● **What this task involves**: Both the line containing "Modern Stylish Extendabletv" and the line containing "Schwarz-weiße Illustration verschiedener" belong to the span. Output exactly that span from the listing below, and nothing outside it.

● **Dataset records**:

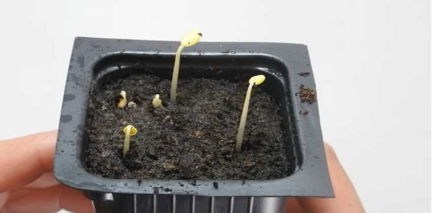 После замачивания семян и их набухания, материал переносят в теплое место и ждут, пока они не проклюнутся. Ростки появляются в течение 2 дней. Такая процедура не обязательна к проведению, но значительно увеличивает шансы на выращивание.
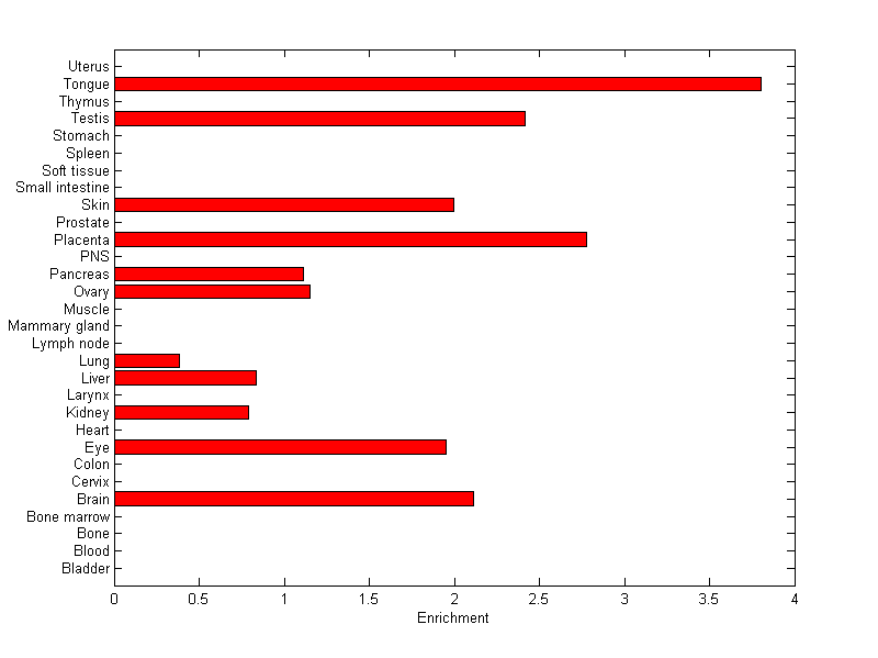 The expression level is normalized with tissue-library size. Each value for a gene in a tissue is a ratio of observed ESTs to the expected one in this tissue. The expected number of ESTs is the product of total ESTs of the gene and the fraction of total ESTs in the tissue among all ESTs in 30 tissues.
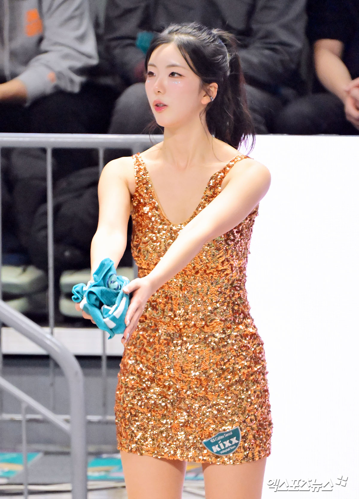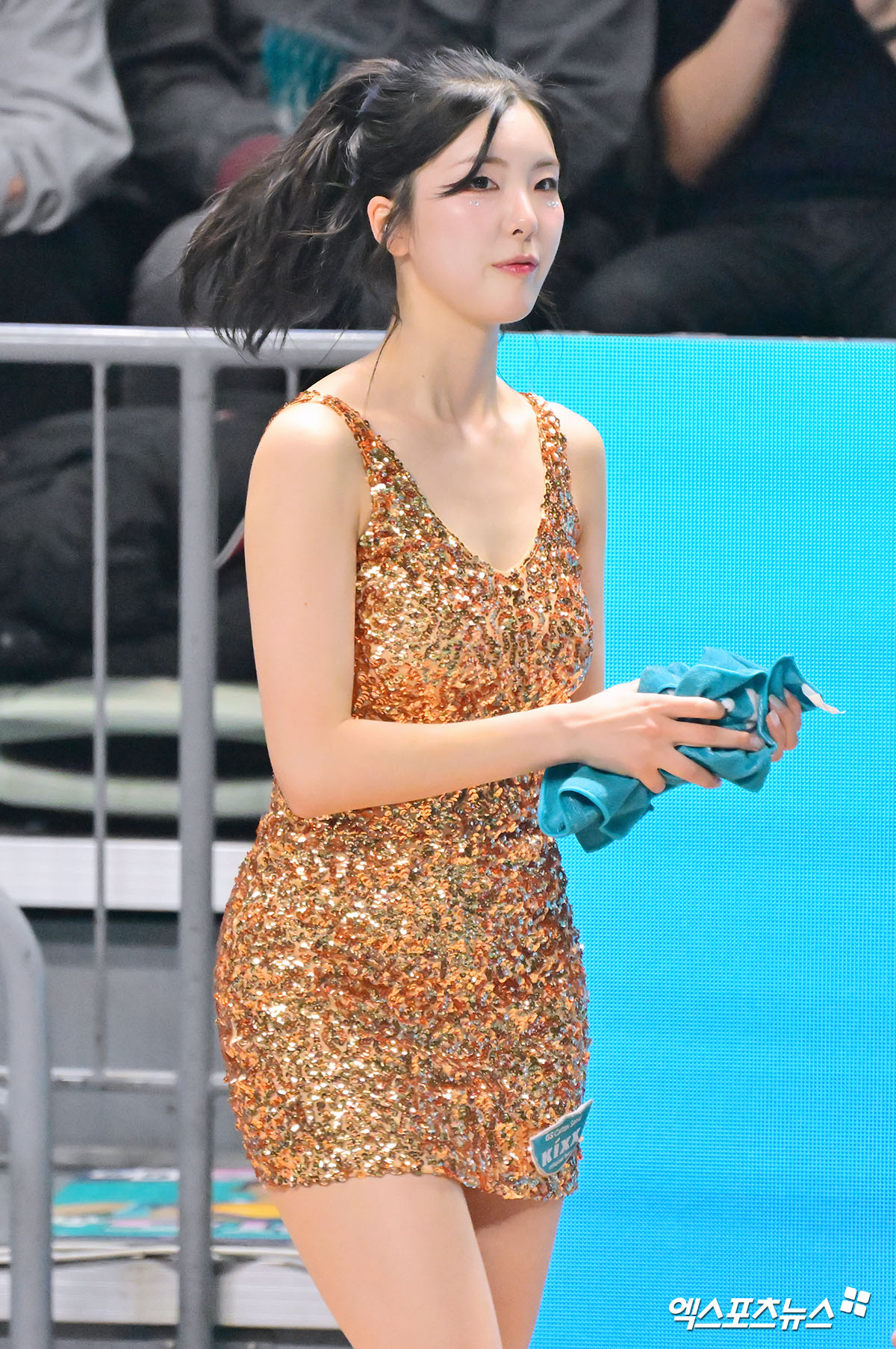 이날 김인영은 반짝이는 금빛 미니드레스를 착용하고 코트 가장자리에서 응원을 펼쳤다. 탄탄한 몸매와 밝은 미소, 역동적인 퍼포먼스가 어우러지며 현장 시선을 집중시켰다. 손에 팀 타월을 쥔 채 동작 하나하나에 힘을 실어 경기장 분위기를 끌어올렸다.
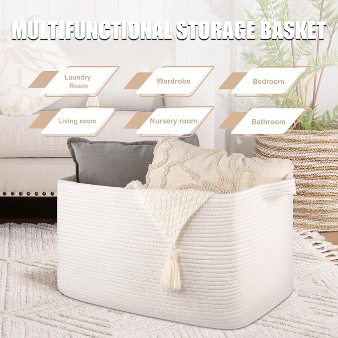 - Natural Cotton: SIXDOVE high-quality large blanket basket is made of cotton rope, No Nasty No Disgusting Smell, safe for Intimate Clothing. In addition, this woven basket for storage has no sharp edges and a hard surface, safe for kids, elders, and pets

...

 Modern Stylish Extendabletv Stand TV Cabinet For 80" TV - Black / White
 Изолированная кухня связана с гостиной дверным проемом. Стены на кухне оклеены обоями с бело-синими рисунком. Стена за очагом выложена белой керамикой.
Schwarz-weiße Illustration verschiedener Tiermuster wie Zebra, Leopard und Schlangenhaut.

● **Written reply**:
 Modern Stylish Extendabletv Stand TV Cabinet For 80" TV - Black / White
 Изолированная кухня связана с гостиной дверным проемом. Стены на кухне оклеены обоями с бело-синими рисунком. Стена за очагом выложена белой керамикой.
Schwarz-weiße Illustration verschiedener Tiermuster wie Zebra, Leopard und Schlangenhaut.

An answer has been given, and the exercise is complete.